I made all ordinals up to $$\omega\cdot2$$ (Unfortunately it doesn't work with FGH), what should i do next and how would i do it?
Ordinal Library
Well, the good news is, you're not going to run out of ordinals. The bad news is, you are going to run out of computer programs, even if you live forever. So maybe you should get interested in something countable. For example, load all the world's award-winning novels into Snap!, and write the next one.
Or, you know, prove P=NP or something.
"countable", as in possible to count in general (like the extremely big numbers), or possible to count by a human that can live only 100 years or something?
Countable in the technical sense. Able to be put in one-to-one correspondence with the natural numbers or some subset thereof.
I'm also making set theory in it so not only does it support ordinals, but finite sets too.
Cool, finite sets are useful... I don't understand how that brings in set theory, which is about finite and infinite sets; you've been using it all along. All those (infinirte) ordinals you love come from set theory. For that matter, there are finite ordinals, which are the same as the finite cardinals but interpreted as "first, second, third..." instead of as "one, two, three..."
It's somewhat because the way to make larger ordinals is by using set theory symbols. For example, Buchholz's function uses set theory and symbols to map cardinals to ordinals. But madore's phi OCF (Ordinal Collapsing Function) is way simpler than buchholz, so i have a greater chance i might try to make it. Also, what OCFs do is map cardinals to ordinals, like omega and the bachmann howard ordinal.
Huh. Funny name. I would have guessed a function to collapse ordinals would map ordinals to cardinals! Oh well, shows what I (don't) know.
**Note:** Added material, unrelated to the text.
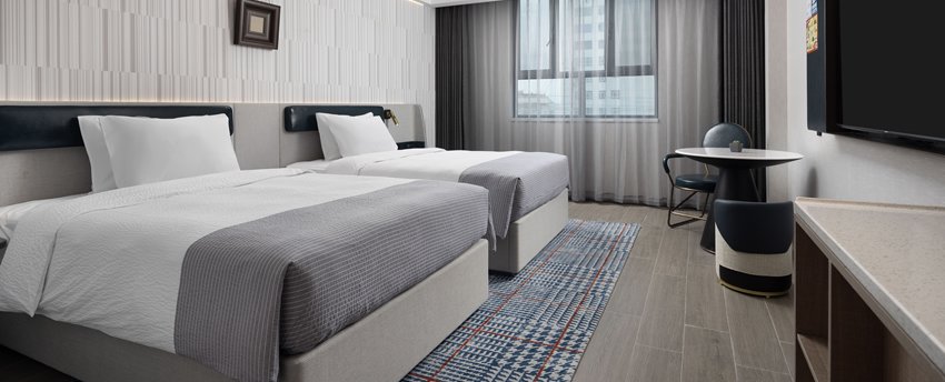 豪华双床房位于3-7层,面积30平米,简欧风设计以暖灰色为主,点缀红色单品,沉稳大气又时尚不张扬。房间宽敞,卫生间干、湿分离,意大利高端小众洗护品牌Acca Kappa 白苔系列洗浴、洗发和护肤用品配合热带雨林式沐浴体验,甄选美标棉织品、国际品牌斯林百兰床垫。房内配备65寸超清液晶电视,一键投屏,畅享完美视觉体验。房内空间宽敞,配备衣橱、书桌、沙发,提供免费瓶装水、茶包等,更可体验免费高速无线网络、在线购物商城、智能机器人免费送货,虚拟现实无缝对接,所有房间均为无烟房。

I meant from cardinals to large countable ordinals, to be used for functions that only allow countables, like Fast Growing Hierarchy, to make way larger numbers. For example, in Madore's Psi function:
$$\alpha>\zeta_0\rightarrow\psi(\alpha)=\zeta_{0}$$
$$\psi(\Omega) = \zeta_{0}$$
$$\psi(\Omega+1) = \varepsilon_{\zeta_{0}+1}$$
$$\psi(\Omega\cdot2) = \zeta_{1}$$
$$\psi(\Omega^{2}) = \eta_{0}$$
$$\psi(\Omega^{\omega}) = \varphi(\omega,0)$$
$$\psi(\Omega^{\Omega}) = \Gamma_{0}$$
$$\psi(\Omega^{\Omega^{\omega}}) = \textsf{Small Veblen Ordinal}$$
$$\psi(\Omega^{\Omega^{\Omega}}) = \textsf{Large Veblen Ordinal}$$
$$\psi(\varepsilon_{\Omega+1}) \text{(limit)} = \textsf{Bachmann-Howard Ordinal}$$
Okay.
The rules of the OCF:
Madore's Psi OCF
I'm not sure i will be able to apply the idea of set builder notation to it, since creating infinite lists is impossible. The only way i might be able to do it is by using the "keep items from" block, but what if i want to report a specific type of set, like $$\left\lbrace a+bi|a\in\mathbb{R},b\in\mathbb{R}\right\rbrace$$?
Could you use streams?
How would I create a predicate that reports if an element is contained in a infinite stream, instead of just a finite sample of it, and how would i visualize Ω as a list instead of reporting a ring with the block Ω in it (since that was the first thing i came up with)?
Well obviously you can't check every element of an infinite stream in finite time. :~)
Can you order the items? If so, as soon as you see an item bigger than the one you're looking for, you can stop.
But if this is a collection of all the ordinals, then it's not countable, so it won't fit even in a stream.
I have a lot of things to make in the Ordinal Library.
First is the Ordinal comparison system. What if i needed to compare $$\omega \text{ vs } \omega\cdot2$$? Now obviously $$\omega*2$$ is bigger, but what if the iterations for $$\omega\cdot2$$ was less than that of $$\omega$$? The computer would think $$\omega$$ is bigger, since it has more things in it, so I need a comparison system and a "is a successor" predicate so that all ordinals in form $$\omega\cdot\alpha$$ are limit. I'll continue later.